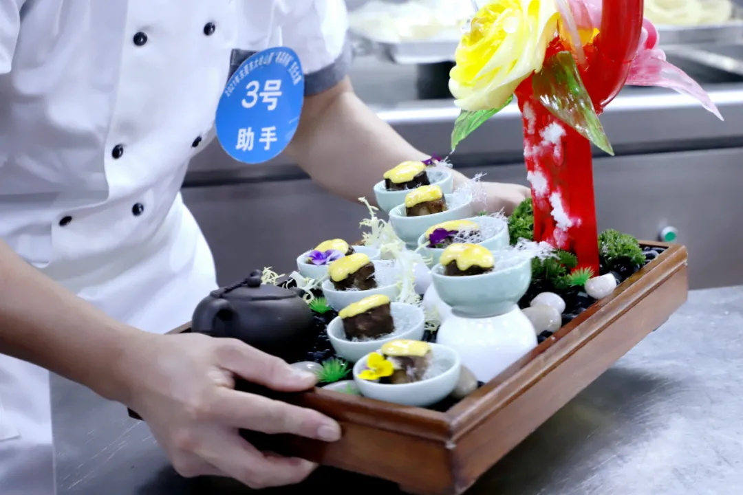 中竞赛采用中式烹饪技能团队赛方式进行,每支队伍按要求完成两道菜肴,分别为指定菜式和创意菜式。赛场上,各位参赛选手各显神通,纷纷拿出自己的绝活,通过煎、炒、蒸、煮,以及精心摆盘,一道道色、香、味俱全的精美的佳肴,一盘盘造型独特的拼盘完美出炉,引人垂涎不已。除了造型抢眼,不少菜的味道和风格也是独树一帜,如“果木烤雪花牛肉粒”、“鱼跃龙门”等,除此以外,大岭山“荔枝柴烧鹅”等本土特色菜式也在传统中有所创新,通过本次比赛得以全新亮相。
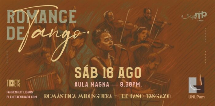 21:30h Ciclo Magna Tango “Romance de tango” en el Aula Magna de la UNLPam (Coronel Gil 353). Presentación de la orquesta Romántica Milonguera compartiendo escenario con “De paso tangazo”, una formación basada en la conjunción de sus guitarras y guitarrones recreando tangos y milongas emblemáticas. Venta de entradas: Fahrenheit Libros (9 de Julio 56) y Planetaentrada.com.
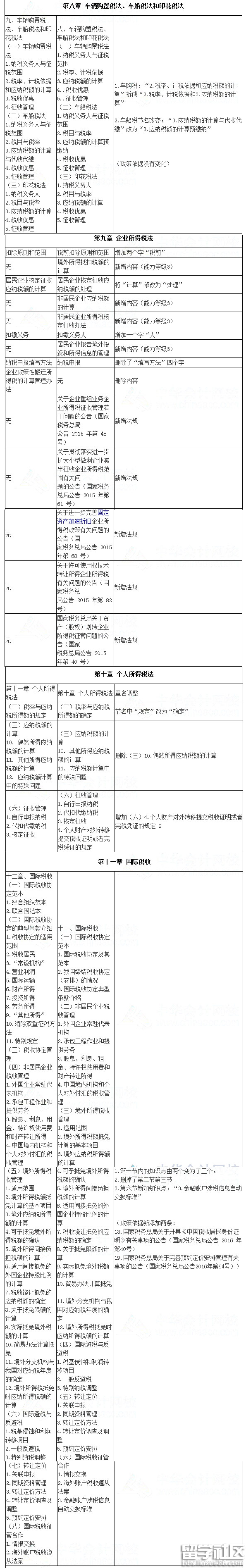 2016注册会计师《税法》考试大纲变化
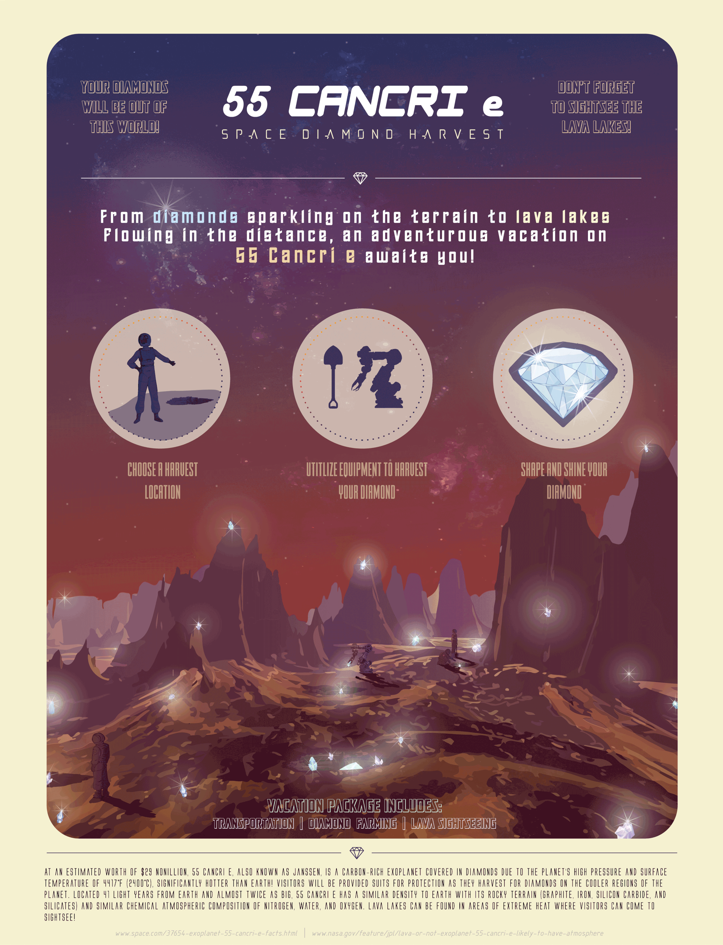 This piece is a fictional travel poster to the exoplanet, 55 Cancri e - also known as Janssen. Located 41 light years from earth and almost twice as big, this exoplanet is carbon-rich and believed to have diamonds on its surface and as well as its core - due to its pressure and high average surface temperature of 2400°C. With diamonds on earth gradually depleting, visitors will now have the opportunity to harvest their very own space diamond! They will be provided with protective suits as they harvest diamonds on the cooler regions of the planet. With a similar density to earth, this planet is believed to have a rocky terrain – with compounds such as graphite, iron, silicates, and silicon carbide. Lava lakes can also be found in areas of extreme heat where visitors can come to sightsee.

==

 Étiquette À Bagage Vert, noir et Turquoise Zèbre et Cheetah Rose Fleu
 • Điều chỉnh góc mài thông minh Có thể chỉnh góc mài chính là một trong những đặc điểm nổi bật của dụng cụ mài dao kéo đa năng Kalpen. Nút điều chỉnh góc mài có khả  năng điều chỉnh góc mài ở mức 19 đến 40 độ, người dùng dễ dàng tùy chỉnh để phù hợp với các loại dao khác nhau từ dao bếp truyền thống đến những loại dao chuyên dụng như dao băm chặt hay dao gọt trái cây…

...

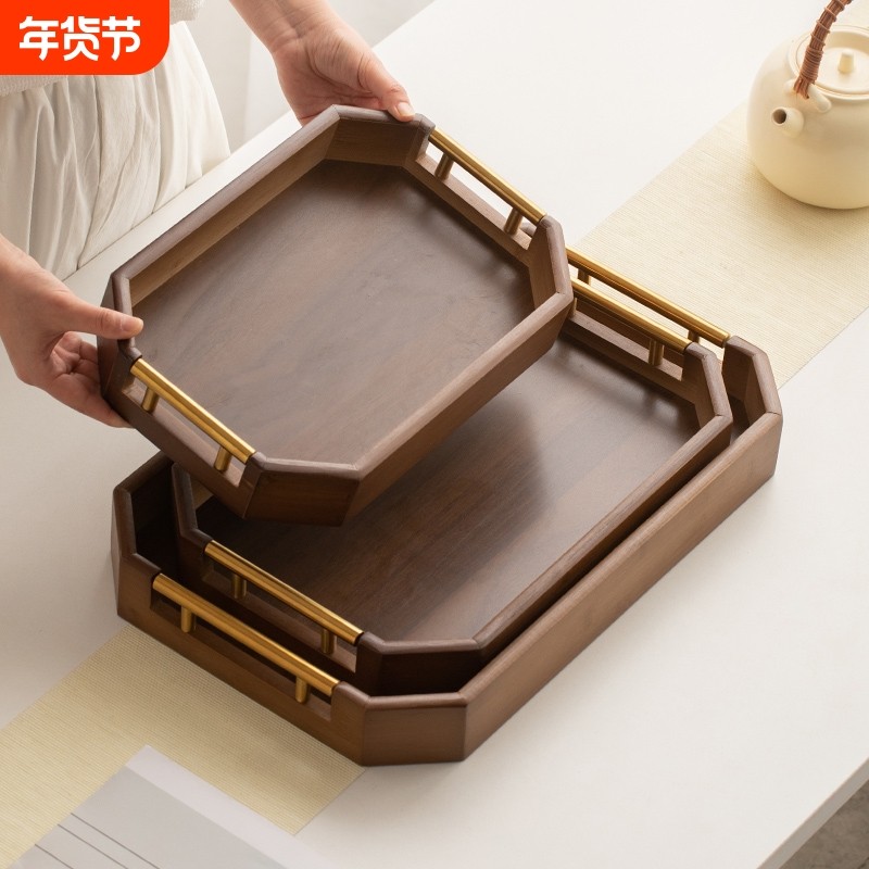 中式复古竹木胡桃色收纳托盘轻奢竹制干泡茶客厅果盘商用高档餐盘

• _TASK ITEM_
Find where the line with "2016注册会计师《税法》考试大纲变化" sits in the material above and where the line with "This piece is" sits. Set down exactly the lines from the first to the second, both included and nothing else, without pictures.

• _TASK RESPONSE_
 2016注册会计师《税法》考试大纲变化
 This piece is a fictional travel poster to the exoplanet, 55 Cancri e - also known as Janssen. Located 41 light years from earth and almost twice as big, this exoplanet is carbon-rich and believed to have diamonds on its surface and as well as its core - due to its pressure and high average surface temperature of 2400°C. With diamonds on earth gradually depleting, visitors will now have the opportunity to harvest their very own space diamond! They will be provided with protective suits as they harvest diamonds on the cooler regions of the planet. With a similar density to earth, this planet is believed to have a rocky terrain – with compounds such as graphite, iron, silicates, and silicon carbide. Lava lakes can also be found in areas of extreme heat where visitors can come to sightsee.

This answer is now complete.